# Brief:
Could you reproduce, from the records below, everything from the line with "A young woman" down to the line with "Ten plakat, z", keeping both of those lines and changing nothing?
=====
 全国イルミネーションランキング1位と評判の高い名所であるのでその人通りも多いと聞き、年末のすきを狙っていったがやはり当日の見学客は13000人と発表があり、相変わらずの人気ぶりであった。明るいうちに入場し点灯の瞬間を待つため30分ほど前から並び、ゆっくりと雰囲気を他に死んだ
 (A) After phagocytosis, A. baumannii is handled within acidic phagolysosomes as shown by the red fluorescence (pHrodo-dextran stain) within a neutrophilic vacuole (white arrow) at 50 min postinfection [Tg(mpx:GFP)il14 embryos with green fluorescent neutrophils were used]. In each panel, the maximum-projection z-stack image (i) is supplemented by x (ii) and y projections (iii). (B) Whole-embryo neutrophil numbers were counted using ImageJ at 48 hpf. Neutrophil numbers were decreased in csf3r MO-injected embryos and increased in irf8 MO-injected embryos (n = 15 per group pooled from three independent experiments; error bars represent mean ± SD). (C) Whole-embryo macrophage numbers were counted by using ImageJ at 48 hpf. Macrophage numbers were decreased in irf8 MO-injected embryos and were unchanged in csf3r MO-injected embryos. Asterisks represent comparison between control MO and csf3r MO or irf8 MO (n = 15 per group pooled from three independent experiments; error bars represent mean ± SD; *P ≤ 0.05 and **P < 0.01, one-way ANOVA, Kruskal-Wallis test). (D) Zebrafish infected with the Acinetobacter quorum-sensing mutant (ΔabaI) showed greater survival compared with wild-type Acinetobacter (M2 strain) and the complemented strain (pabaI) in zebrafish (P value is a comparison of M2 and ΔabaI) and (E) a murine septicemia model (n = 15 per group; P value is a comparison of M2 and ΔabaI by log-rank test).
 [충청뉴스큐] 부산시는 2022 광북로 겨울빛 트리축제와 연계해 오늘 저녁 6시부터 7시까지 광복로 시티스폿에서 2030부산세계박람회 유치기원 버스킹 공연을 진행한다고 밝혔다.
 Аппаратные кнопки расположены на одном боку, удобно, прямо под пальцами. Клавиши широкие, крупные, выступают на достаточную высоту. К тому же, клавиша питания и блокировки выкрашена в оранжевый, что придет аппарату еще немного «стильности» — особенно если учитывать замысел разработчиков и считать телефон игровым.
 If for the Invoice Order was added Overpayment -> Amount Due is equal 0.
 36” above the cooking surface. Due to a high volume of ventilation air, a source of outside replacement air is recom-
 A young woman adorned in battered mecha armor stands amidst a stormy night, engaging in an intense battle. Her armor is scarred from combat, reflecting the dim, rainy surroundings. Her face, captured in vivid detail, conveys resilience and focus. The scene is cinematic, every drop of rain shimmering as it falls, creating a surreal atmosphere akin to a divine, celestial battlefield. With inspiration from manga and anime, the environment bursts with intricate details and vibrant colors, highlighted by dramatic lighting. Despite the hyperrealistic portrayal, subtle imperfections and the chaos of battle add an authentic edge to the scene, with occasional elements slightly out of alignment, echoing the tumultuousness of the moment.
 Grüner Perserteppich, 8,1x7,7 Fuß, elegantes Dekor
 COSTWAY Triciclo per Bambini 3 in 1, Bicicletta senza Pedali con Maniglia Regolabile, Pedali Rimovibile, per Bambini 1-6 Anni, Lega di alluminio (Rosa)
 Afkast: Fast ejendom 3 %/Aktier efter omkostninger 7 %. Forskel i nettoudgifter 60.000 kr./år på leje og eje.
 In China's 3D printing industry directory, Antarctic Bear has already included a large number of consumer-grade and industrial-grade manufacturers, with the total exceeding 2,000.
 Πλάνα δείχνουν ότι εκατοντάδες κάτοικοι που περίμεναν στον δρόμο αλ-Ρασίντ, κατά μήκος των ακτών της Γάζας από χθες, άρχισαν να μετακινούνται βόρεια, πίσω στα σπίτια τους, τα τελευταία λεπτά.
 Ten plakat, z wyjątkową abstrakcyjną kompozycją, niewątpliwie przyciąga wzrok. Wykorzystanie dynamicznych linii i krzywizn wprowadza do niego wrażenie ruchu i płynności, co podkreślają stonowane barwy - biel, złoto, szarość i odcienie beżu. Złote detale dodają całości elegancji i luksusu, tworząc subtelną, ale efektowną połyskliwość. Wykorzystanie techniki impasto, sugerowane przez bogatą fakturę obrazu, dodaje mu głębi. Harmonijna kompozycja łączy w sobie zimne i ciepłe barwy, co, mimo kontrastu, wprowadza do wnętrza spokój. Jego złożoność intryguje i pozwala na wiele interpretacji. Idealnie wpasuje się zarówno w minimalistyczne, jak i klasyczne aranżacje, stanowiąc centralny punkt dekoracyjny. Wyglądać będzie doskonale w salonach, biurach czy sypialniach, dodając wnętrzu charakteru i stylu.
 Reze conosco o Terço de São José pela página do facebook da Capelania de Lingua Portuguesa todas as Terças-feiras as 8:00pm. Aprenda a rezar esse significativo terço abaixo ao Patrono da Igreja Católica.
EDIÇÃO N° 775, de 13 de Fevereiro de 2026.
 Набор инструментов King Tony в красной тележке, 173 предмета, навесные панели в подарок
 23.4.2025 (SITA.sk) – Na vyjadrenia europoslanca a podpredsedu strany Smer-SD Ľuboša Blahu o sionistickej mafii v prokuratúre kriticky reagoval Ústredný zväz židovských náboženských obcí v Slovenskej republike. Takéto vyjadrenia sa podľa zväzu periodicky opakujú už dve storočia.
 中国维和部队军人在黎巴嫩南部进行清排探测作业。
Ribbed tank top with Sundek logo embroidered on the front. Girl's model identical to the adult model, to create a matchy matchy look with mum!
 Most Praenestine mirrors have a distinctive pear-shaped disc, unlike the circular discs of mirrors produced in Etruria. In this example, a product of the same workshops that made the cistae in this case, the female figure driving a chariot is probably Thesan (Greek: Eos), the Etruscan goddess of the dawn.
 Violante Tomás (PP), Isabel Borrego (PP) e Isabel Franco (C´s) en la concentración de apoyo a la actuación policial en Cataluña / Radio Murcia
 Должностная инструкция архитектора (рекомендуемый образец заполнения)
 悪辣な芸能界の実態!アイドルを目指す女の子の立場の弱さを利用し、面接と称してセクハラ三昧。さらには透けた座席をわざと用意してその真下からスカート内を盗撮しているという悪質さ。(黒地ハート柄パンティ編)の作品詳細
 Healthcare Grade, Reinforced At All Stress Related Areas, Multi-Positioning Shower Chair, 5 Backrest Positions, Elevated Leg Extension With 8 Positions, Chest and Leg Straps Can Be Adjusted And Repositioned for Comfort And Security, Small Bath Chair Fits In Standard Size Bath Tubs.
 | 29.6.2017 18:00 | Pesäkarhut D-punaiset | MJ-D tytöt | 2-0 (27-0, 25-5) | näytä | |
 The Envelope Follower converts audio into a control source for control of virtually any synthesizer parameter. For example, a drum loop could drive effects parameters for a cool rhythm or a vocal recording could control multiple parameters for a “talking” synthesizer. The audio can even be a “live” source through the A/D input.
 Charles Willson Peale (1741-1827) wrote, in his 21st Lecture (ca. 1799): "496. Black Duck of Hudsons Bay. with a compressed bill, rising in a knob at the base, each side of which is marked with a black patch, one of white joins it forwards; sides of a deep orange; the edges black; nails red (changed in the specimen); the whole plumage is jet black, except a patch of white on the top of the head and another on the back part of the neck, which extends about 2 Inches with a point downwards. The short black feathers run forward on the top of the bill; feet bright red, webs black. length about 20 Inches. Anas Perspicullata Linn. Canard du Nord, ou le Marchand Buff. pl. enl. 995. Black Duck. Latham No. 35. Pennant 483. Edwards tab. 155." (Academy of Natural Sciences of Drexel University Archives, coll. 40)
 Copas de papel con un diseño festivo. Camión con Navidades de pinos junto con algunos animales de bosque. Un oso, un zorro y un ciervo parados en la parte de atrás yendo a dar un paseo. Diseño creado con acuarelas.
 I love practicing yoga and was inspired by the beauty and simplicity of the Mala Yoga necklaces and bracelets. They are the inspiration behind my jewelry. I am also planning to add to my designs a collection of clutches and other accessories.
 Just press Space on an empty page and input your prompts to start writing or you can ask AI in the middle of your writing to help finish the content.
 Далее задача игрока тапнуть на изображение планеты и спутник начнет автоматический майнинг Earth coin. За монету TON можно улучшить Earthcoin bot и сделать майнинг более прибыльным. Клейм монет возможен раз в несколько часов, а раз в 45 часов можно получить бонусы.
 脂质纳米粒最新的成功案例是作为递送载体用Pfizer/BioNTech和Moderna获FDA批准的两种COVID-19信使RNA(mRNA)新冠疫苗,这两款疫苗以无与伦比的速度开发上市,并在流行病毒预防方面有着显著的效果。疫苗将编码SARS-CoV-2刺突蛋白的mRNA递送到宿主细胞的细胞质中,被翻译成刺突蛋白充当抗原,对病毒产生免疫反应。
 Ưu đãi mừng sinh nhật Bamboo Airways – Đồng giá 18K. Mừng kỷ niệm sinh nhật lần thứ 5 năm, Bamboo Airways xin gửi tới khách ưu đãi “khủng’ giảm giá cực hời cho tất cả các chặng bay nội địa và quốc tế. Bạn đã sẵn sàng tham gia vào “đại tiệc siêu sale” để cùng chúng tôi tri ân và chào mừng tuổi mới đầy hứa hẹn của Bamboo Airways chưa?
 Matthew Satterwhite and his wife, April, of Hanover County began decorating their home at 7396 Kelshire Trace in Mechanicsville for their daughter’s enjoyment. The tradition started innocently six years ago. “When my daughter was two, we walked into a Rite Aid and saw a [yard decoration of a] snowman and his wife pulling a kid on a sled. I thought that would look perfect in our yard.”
=====
# Solution:
 A young woman adorned in battered mecha armor stands amidst a stormy night, engaging in an intense battle. Her armor is scarred from combat, reflecting the dim, rainy surroundings. Her face, captured in vivid detail, conveys resilience and focus. The scene is cinematic, every drop of rain shimmering as it falls, creating a surreal atmosphere akin to a divine, celestial battlefield. With inspiration from manga and anime, the environment bursts with intricate details and vibrant colors, highlighted by dramatic lighting. Despite the hyperrealistic portrayal, subtle imperfections and the chaos of battle add an authentic edge to the scene, with occasional elements slightly out of alignment, echoing the tumultuousness of the moment.
 Grüner Perserteppich, 8,1x7,7 Fuß, elegantes Dekor
 COSTWAY Triciclo per Bambini 3 in 1, Bicicletta senza Pedali con Maniglia Regolabile, Pedali Rimovibile, per Bambini 1-6 Anni, Lega di alluminio (Rosa)
 Afkast: Fast ejendom 3 %/Aktier efter omkostninger 7 %. Forskel i nettoudgifter 60.000 kr./år på leje og eje.
 In China's 3D printing industry directory, Antarctic Bear has already included a large number of consumer-grade and industrial-grade manufacturers, with the total exceeding 2,000.
 Πλάνα δείχνουν ότι εκατοντάδες κάτοικοι που περίμεναν στον δρόμο αλ-Ρασίντ, κατά μήκος των ακτών της Γάζας από χθες, άρχισαν να μετακινούνται βόρεια, πίσω στα σπίτια τους, τα τελευταία λεπτά.
 Ten plakat, z wyjątkową abstrakcyjną kompozycją, niewątpliwie przyciąga wzrok. Wykorzystanie dynamicznych linii i krzywizn wprowadza do niego wrażenie ruchu i płynności, co podkreślają stonowane barwy - biel, złoto, szarość i odcienie beżu. Złote detale dodają całości elegancji i luksusu, tworząc subtelną, ale efektowną połyskliwość. Wykorzystanie techniki impasto, sugerowane przez bogatą fakturę obrazu, dodaje mu głębi. Harmonijna kompozycja łączy w sobie zimne i ciepłe barwy, co, mimo kontrastu, wprowadza do wnętrza spokój. Jego złożoność intryguje i pozwala na wiele interpretacji. Idealnie wpasuje się zarówno w minimalistyczne, jak i klasyczne aranżacje, stanowiąc centralny punkt dekoracyjny. Wyglądać będzie doskonale w salonach, biurach czy sypialniach, dodając wnętrzu charakteru i stylu.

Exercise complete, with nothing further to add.